■ INSTRUCTIONS TO FOLLOW
Retype the lines below exactly, but only those from the line that has "该研究将青藏高原及其邻区的新" through the line that has "走访过程中,卢新波与2022". Omit every picture.
++++ MATERIAL TO PROCESS
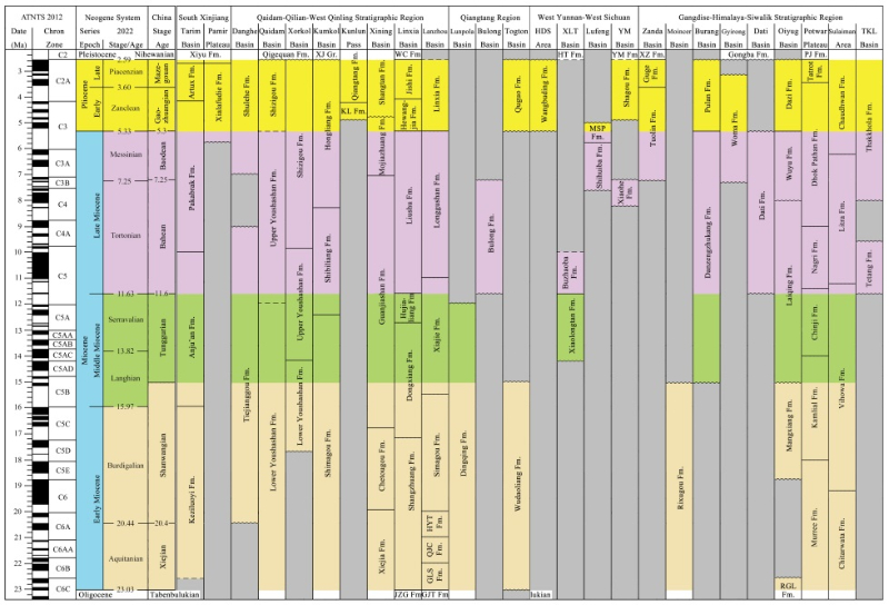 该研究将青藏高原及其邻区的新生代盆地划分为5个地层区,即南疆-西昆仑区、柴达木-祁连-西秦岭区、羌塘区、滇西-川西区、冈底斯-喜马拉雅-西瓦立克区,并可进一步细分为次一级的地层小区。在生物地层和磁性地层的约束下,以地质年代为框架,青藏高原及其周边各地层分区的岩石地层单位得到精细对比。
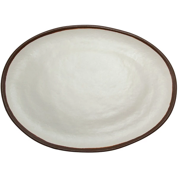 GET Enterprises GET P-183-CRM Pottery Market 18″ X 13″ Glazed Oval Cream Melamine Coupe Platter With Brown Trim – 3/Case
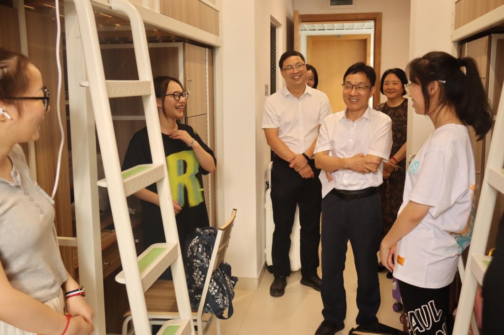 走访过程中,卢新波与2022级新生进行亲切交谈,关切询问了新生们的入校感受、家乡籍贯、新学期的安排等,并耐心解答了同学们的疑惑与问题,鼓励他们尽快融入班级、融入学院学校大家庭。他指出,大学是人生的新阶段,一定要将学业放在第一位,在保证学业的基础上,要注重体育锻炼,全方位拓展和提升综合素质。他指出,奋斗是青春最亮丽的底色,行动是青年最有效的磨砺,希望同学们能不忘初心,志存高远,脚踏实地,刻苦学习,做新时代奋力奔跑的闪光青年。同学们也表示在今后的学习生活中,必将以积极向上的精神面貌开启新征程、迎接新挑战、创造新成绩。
++++++++
++++ MATERIAL TO PROCESS
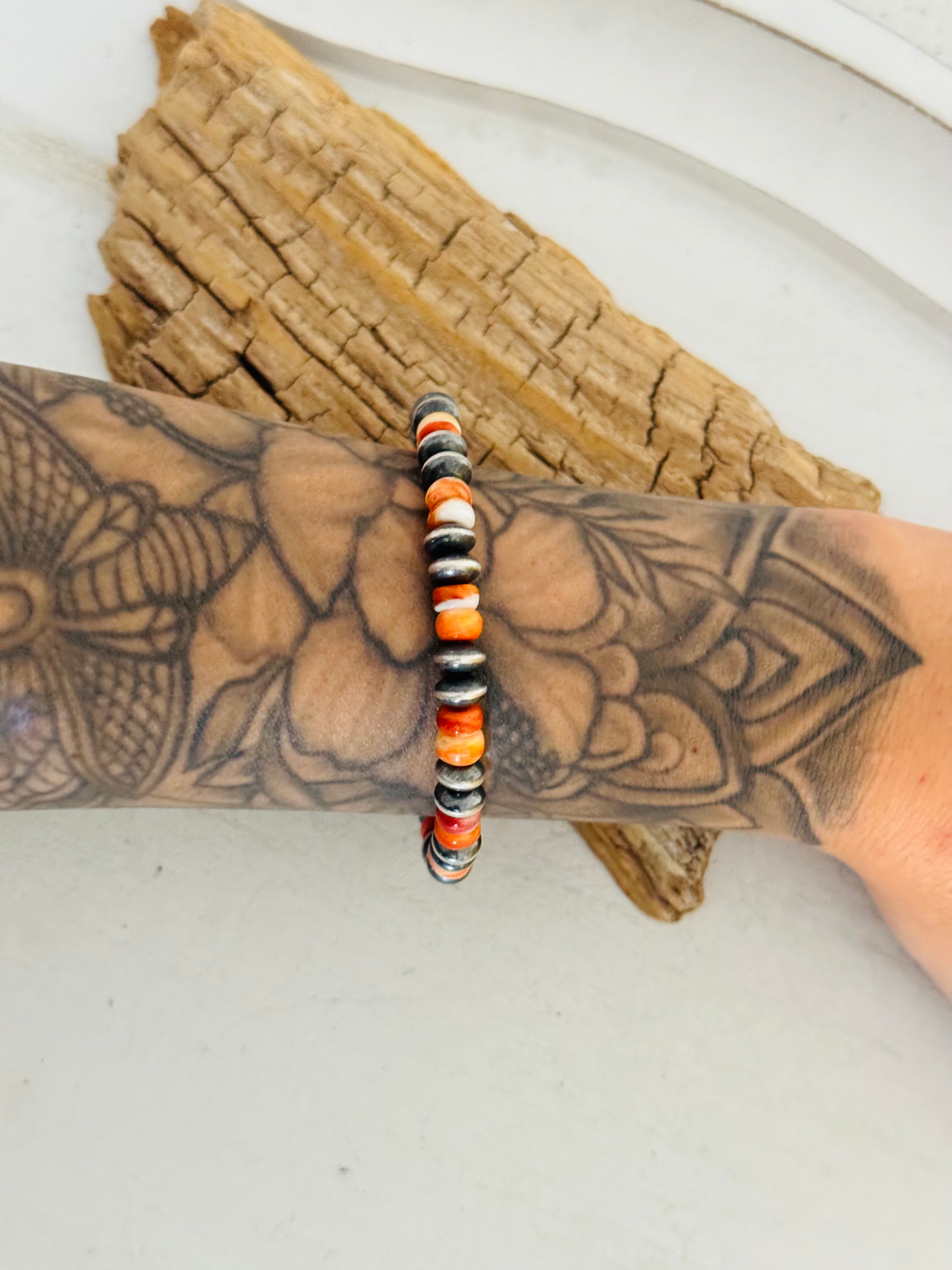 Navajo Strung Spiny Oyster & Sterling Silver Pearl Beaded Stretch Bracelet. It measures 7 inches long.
++++++++
++++ MATERIAL TO PROCESS
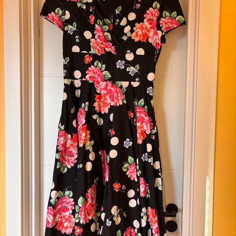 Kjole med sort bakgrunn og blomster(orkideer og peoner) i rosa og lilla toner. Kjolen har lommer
++++++++
■ EXERCISE RESPONSE
 该研究将青藏高原及其邻区的新生代盆地划分为5个地层区,即南疆-西昆仑区、柴达木-祁连-西秦岭区、羌塘区、滇西-川西区、冈底斯-喜马拉雅-西瓦立克区,并可进一步细分为次一级的地层小区。在生物地层和磁性地层的约束下,以地质年代为框架,青藏高原及其周边各地层分区的岩石地层单位得到精细对比。
 GET Enterprises GET P-183-CRM Pottery Market 18″ X 13″ Glazed Oval Cream Melamine Coupe Platter With Brown Trim – 3/Case
 走访过程中,卢新波与2022级新生进行亲切交谈,关切询问了新生们的入校感受、家乡籍贯、新学期的安排等,并耐心解答了同学们的疑惑与问题,鼓励他们尽快融入班级、融入学院学校大家庭。他指出,大学是人生的新阶段,一定要将学业放在第一位,在保证学业的基础上,要注重体育锻炼,全方位拓展和提升综合素质。他指出,奋斗是青春最亮丽的底色,行动是青年最有效的磨砺,希望同学们能不忘初心,志存高远,脚踏实地,刻苦学习,做新时代奋力奔跑的闪光青年。同学们也表示在今后的学习生活中,必将以积极向上的精神面貌开启新征程、迎接新挑战、创造新成绩。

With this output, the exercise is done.